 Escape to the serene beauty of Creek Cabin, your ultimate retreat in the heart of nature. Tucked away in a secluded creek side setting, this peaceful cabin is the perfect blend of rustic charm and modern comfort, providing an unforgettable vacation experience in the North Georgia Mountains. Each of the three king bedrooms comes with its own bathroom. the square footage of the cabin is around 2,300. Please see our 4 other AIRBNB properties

* * *

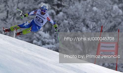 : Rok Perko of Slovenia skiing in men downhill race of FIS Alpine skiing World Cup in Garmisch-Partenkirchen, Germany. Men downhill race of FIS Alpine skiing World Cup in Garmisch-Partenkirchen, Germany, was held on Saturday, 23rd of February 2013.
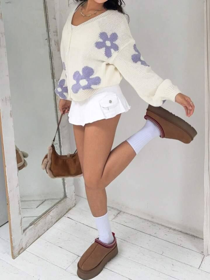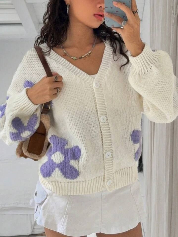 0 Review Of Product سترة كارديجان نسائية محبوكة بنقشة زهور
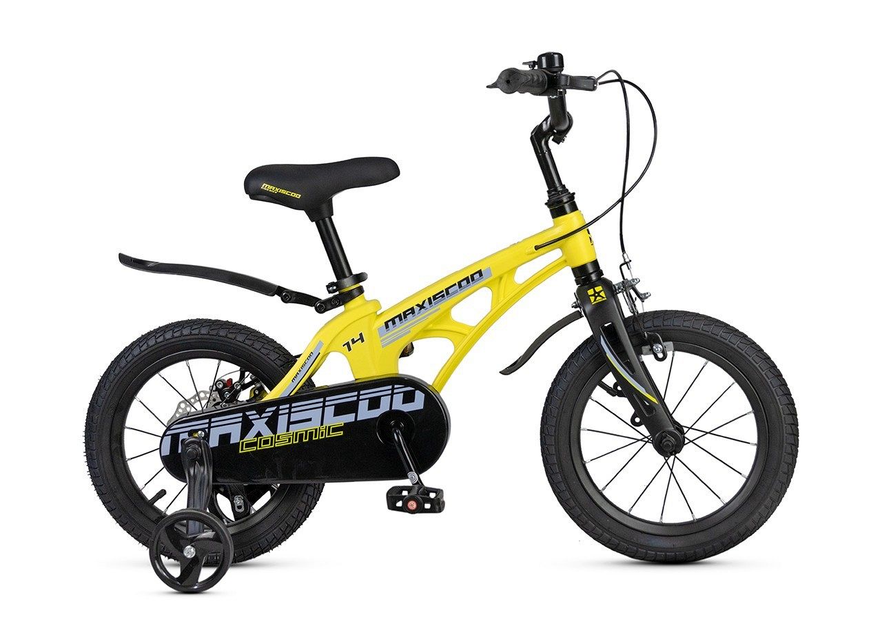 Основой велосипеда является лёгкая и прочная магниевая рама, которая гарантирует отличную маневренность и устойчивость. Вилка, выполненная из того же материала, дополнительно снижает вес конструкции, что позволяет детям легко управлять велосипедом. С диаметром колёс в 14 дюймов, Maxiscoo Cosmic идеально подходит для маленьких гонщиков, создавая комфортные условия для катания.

--

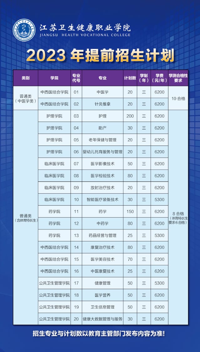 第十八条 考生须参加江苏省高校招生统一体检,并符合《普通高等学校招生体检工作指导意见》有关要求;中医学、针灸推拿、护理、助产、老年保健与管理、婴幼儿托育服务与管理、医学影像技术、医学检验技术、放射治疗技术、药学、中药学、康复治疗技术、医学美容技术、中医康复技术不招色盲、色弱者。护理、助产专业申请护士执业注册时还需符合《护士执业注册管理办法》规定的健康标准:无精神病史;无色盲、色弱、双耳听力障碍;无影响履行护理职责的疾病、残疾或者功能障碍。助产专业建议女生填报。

## What is required
Your answer is the exact run of lines above from the one with "of February 2013." through the one with "Основой велосипеда является", both ends included, minus any picture.

## Exercise result
 : Rok Perko of Slovenia skiing in men downhill race of FIS Alpine skiing World Cup in Garmisch-Partenkirchen, Germany. Men downhill race of FIS Alpine skiing World Cup in Garmisch-Partenkirchen, Germany, was held on Saturday, 23rd of February 2013.
 0 Review Of Product سترة كارديجان نسائية محبوكة بنقشة زهور
 Основой велосипеда является лёгкая и прочная магниевая рама, которая гарантирует отличную маневренность и устойчивость. Вилка, выполненная из того же материала, дополнительно снижает вес конструкции, что позволяет детям легко управлять велосипедом. С диаметром колёс в 14 дюймов, Maxiscoo Cosmic идеально подходит для маленьких гонщиков, создавая комфортные условия для катания.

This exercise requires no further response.